I've a dear SIL who has an early-riser son. Seriously EARLY-riser, 5am every morning. And he wakes up STARVING. And he's crabby until he has eaten, every single time. But she's not always quite up to Being the Mom at 5am. And she's never hungry right off the bat. So he just starves and starves and get crankier and crankier, until there are Major Explosions in the household, and being barely 6, he has a hard time getting past that and into his day.
Enter: staying over at Auntie Liz's house in the summer. I do NOT get up at 5am. I also am not able to eat first thing (I usually need to be up for a few hours before I can handle anything solid.) But, I've seen him melt down, and I do know it's because he's hungry--he lets everyone know.
But, I don't want to be bossy about my SIL's parenting, because she's really doing a good job overall, and loves her kids tremendously.
So instead of announcing any Grand New Routines, etc, I just sent him out to the tent with the other kids as dusk descended, and handed him a little airtight container as he went past.
"What's this, Auntie Liz?"
"That, my dear little man (okay, actually I call him Stink-Face, very affectionately), is your morning food kit.

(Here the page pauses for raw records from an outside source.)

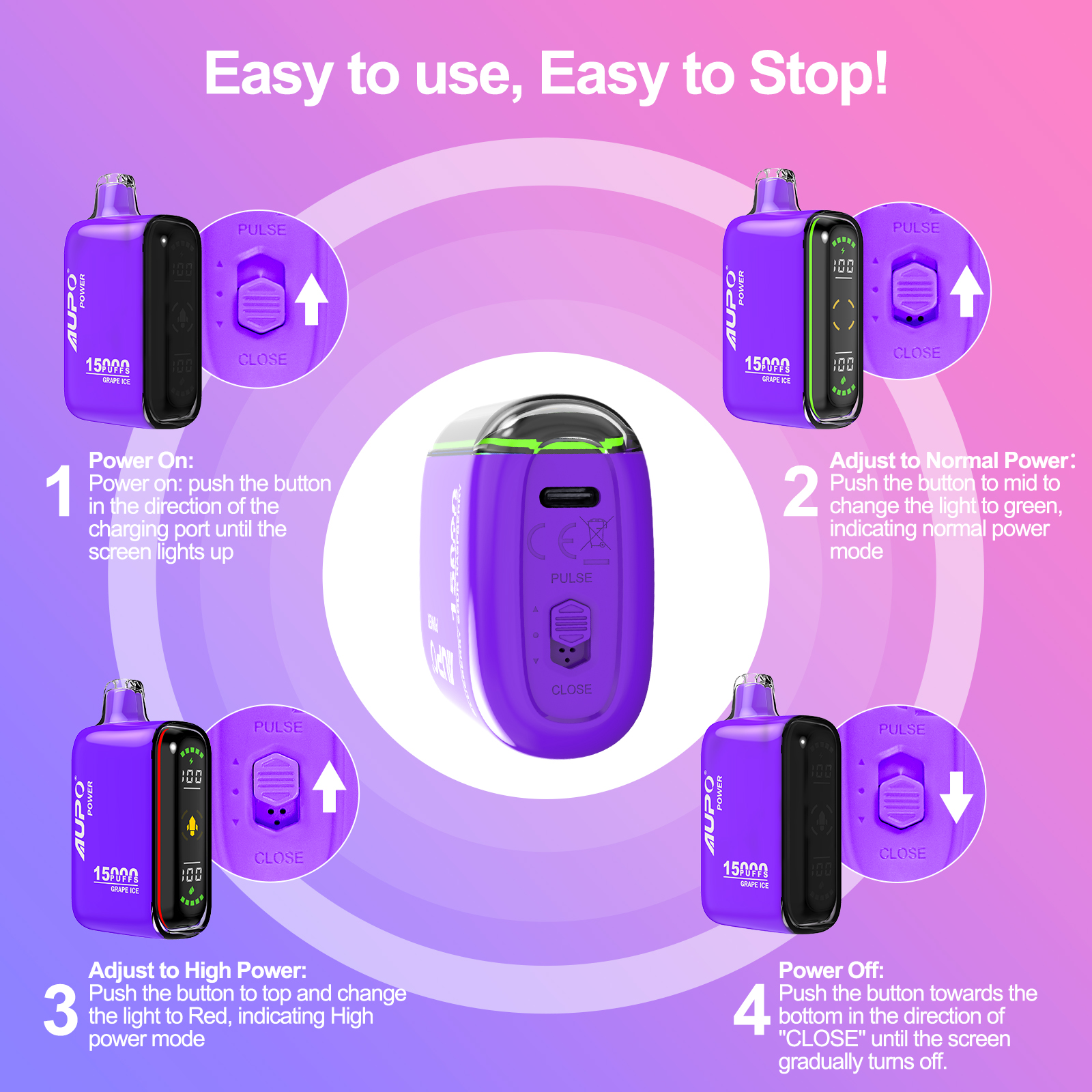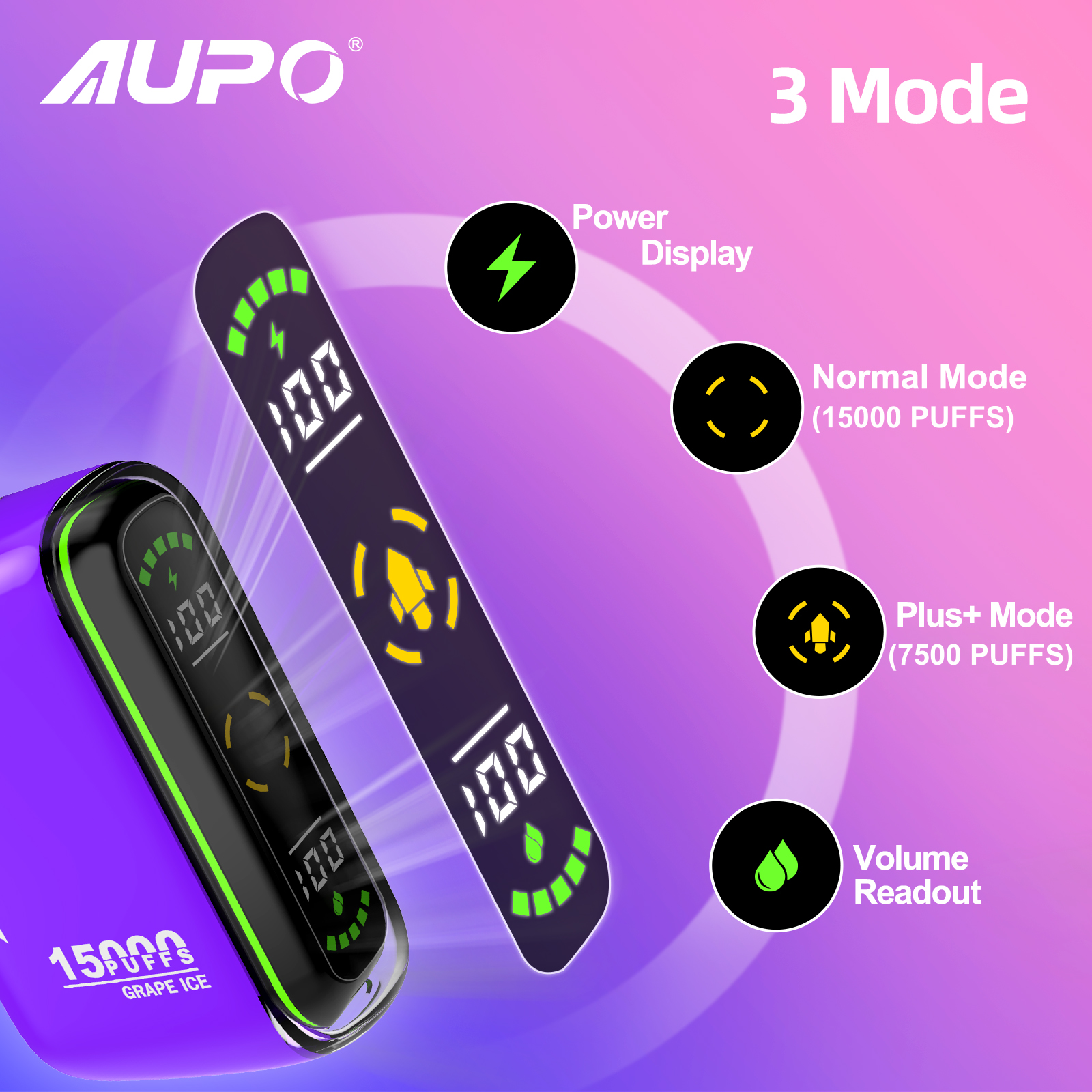 Aupo Vape Disposable 20MG 15000 Puffs 500mah E Cigarette Vape Aromas Fruits With Screen
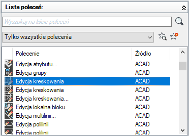 U góry panelu Lista poleceń znajduje się pole Wyszukaj na liście poleceń umożliwiające przefiltrowanie listy poleceń na podstawie wprowadzonego ciągu tekstowego. Ciąg tekstowy jest dopasowywany do dowolnej części nazwy polecenia, a wyniki są wyświetlane w polu Lista poleceń.
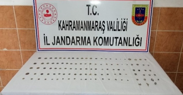 Afşin ilçesi Başüstü Mahallesinde yapılan operasyonda Roma dönemine ait olduğu değerlendirilen 92 adet tarihi eser niteliğindeki sikke, 18 adet tarihi eser niteliğinde yüzük, 5 adet tarihi eser niteliğinde obje ele geçirildi.
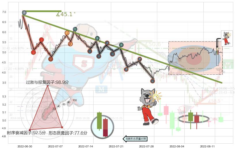 ♘ 阻力价格位6.43,可信任强度52.03%,距离最后交易2022-08-12形成的收盘价格4.98相差 +29.06%
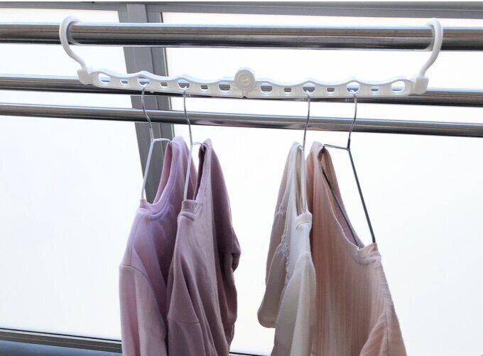 竿と竿の間を有効活用して、洗濯物を干すスペースを増やせる便利グッズなんですよ。
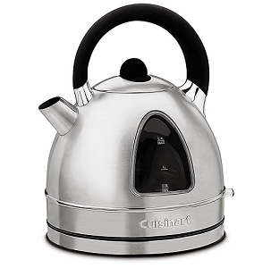 With a concealed heating element and easy one-touch operation, the Cordless Electric Kettle makes hot drinks fast and easy. The convenient extra large window, with water level marks, lets you see when the water is boiling or kettle needs refilling. With classic stainless steel styling and a graceful stay-cool handle, the Cuisinart Cordless Electric Kettle looks sleek on any kitchen countertop. Find more in Cuisinart DK-17 cordless stainless steel electric kettle review.
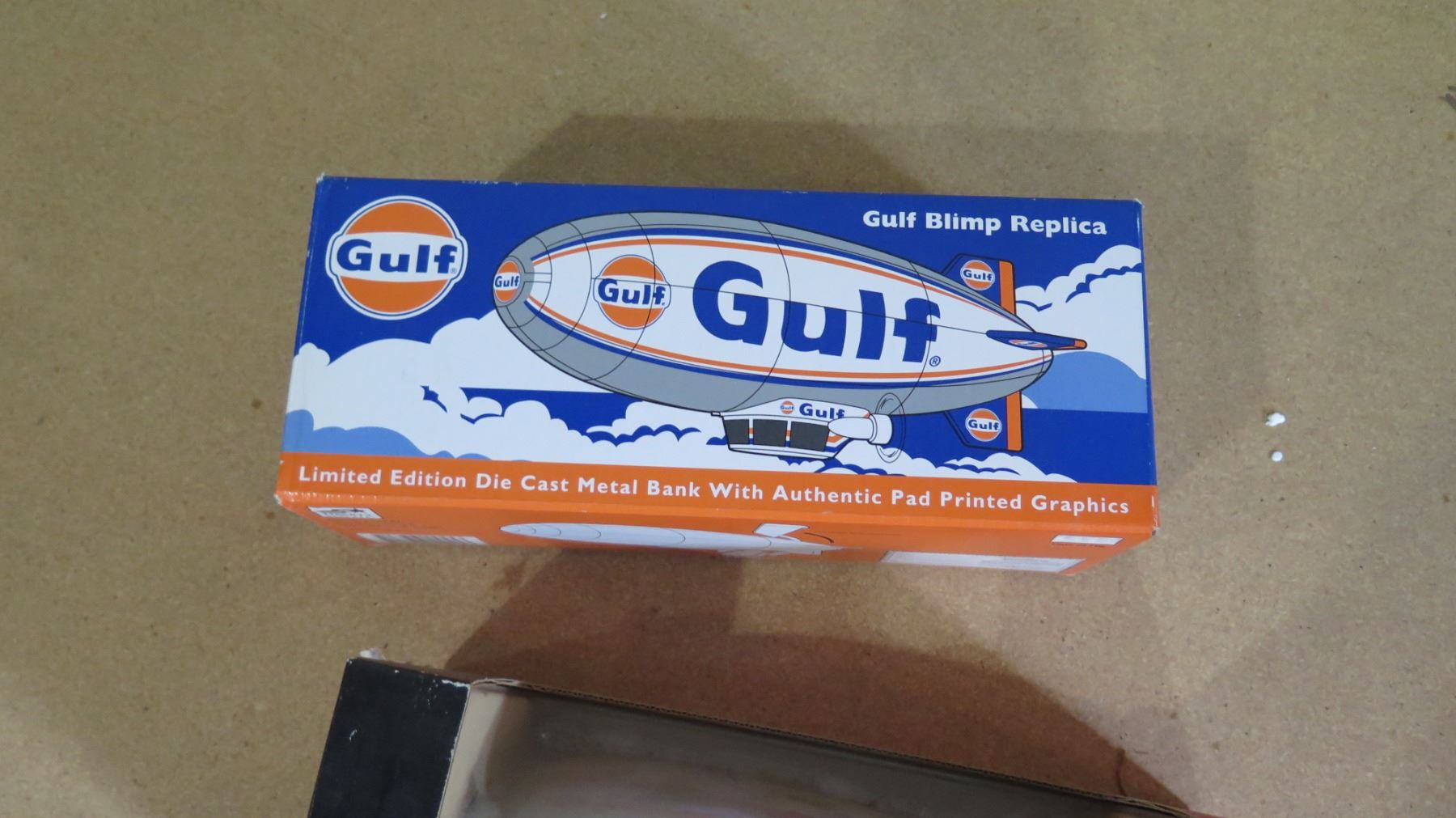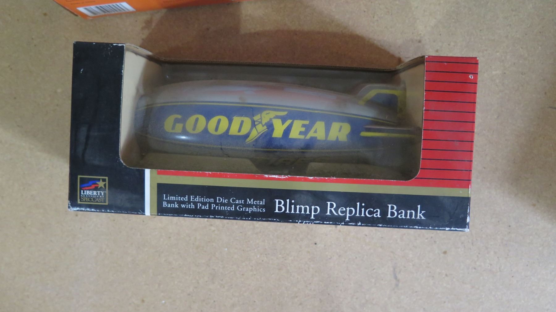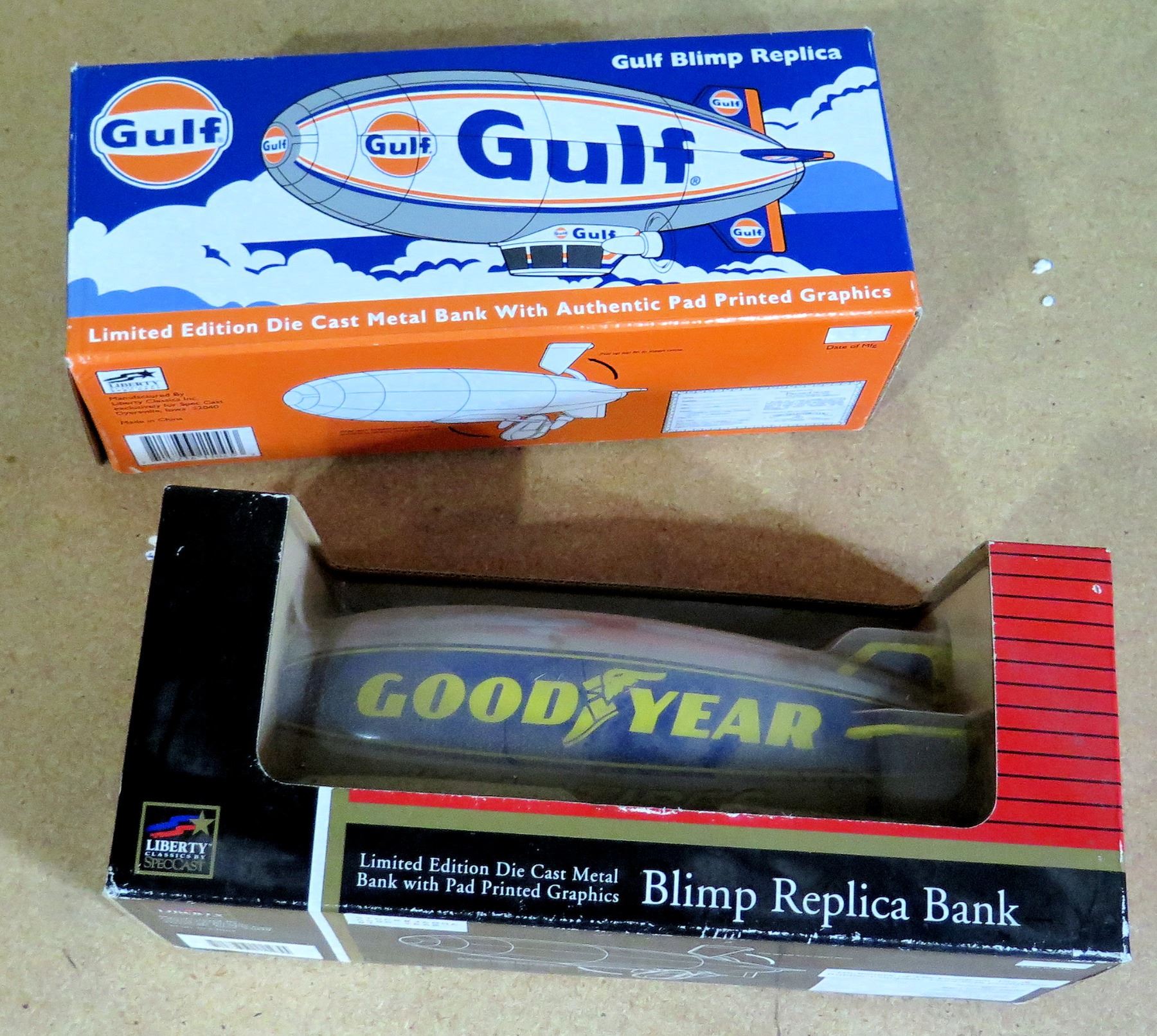 Qty 2 Blimp Die Cast Replica Banks in Box - Gulf & Goodyear, Ltd Edition
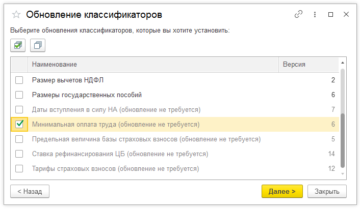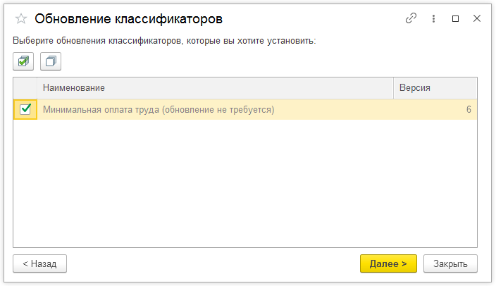 Устанавливаем флажок напротив "Минимальная оплата труда", нажимаем "Далее". МРОТ будет актуализирован.
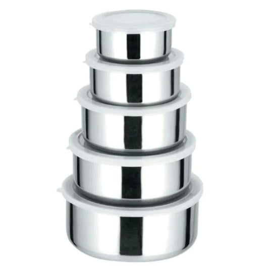XSXS Set de 5 caserole alimentare, metalice, cu capac transparent, marimi diferite
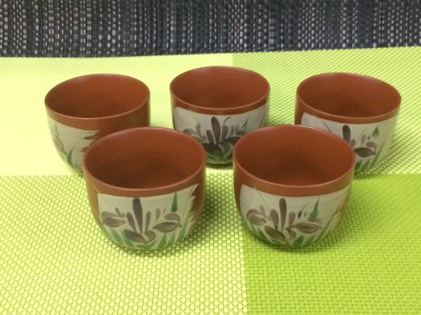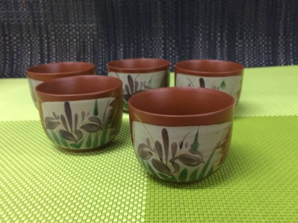 1組5個セット 6組30個迄可【即決】新品 朱泥 手描き菖蒲絵 盃 46ml
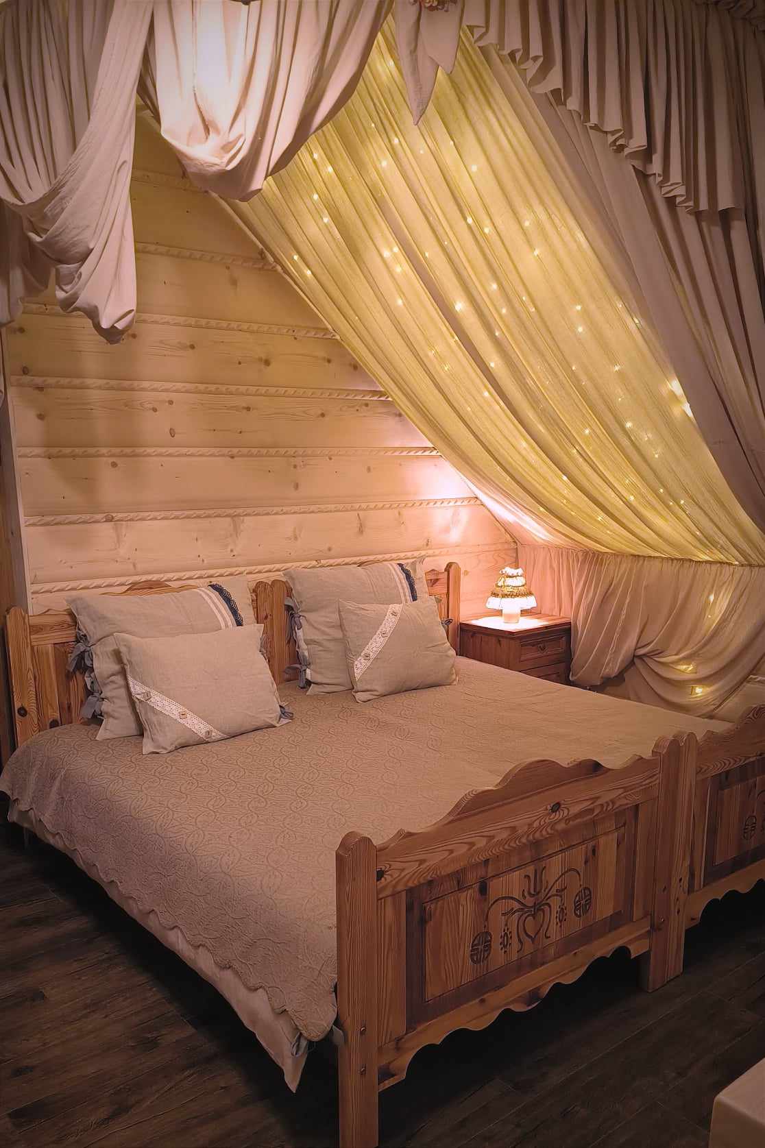 Bycie eko to nie tylko moda ale wręcz obowiązek. Wszystkie urządzenia w naszym domu są zasilane za pomocą energii odnawialnej. Meble z prawdziwego drewna, kamienne podłogi, naturalne dodatki. Zdrowy i przyjemny sen zapewni Państwu lniana pościel szyta ręcznie z certyfikowanego, polskiego
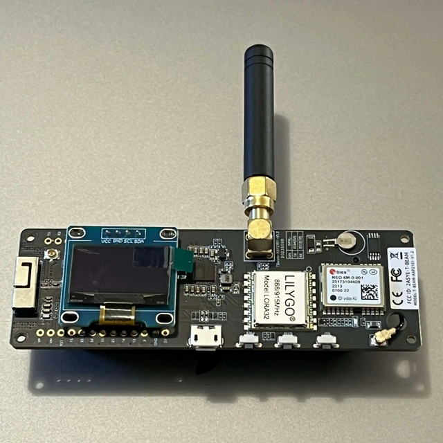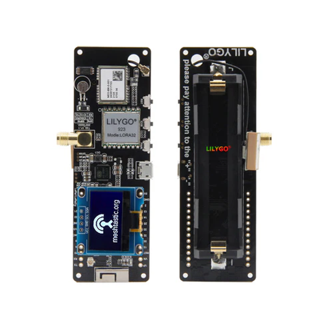 This LILYGO T-Beam V1.2 ESP32 LoRa Development Board comes with pre-installed Meshtastic and soldered 0.96' display. The board has a built-in Semtech SX1262 LoRa transceiver and is equipped with a NEO-6M GPS receiver.
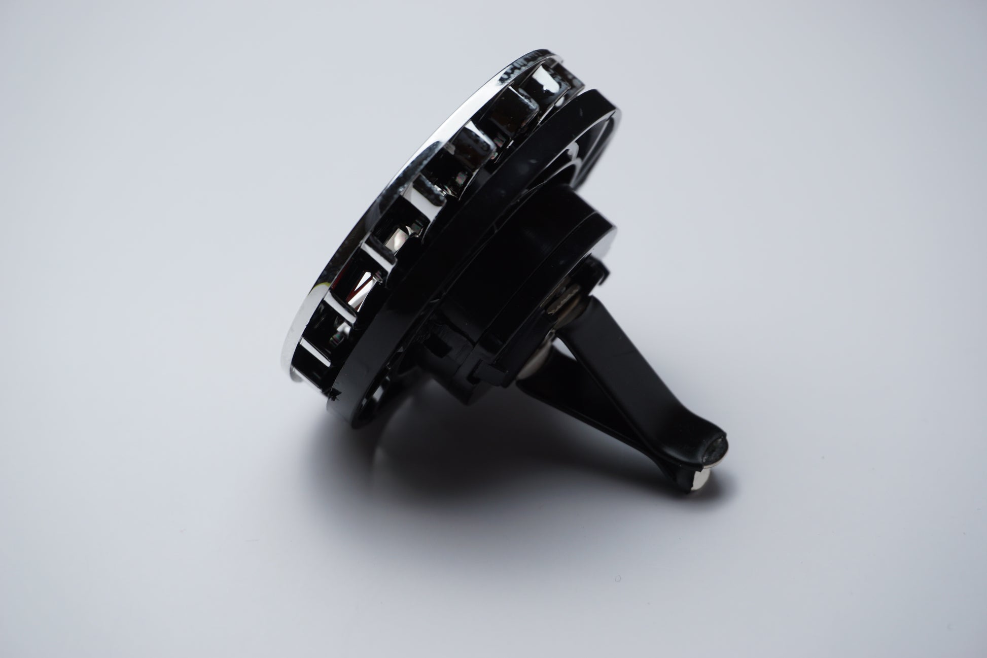 Car air freshener designed as a detailed alloy wheel with a spinnable rim that turns when air flows through your vents. Clips securely onto most air vents and adds a stylish automotive touch while keeping your car smelling fresh.

There's some fruit, and an applesauce muffin, and some granola with seeds, and half a peanut-butter sandwich, cut into triangles. So when you wake up and are hungry, just eat some of it until you feel good, and have some water, and then you can read books until the other kids wake up."
And my goodness! What peaceful mornings we had! He's a clever, delightful kiddo... but he NEEDS a routine that makes immediate-food possible and under his own control (at 6, he can do this; at 4, I would have gotten up and set food out for him in the AM, then snoozed on the couch.) SIL hasn't made it a habit just yet, but she is seeing a difference in him on the days she does this, and it's working... without me ever having to feel bossy or intrusive or rude.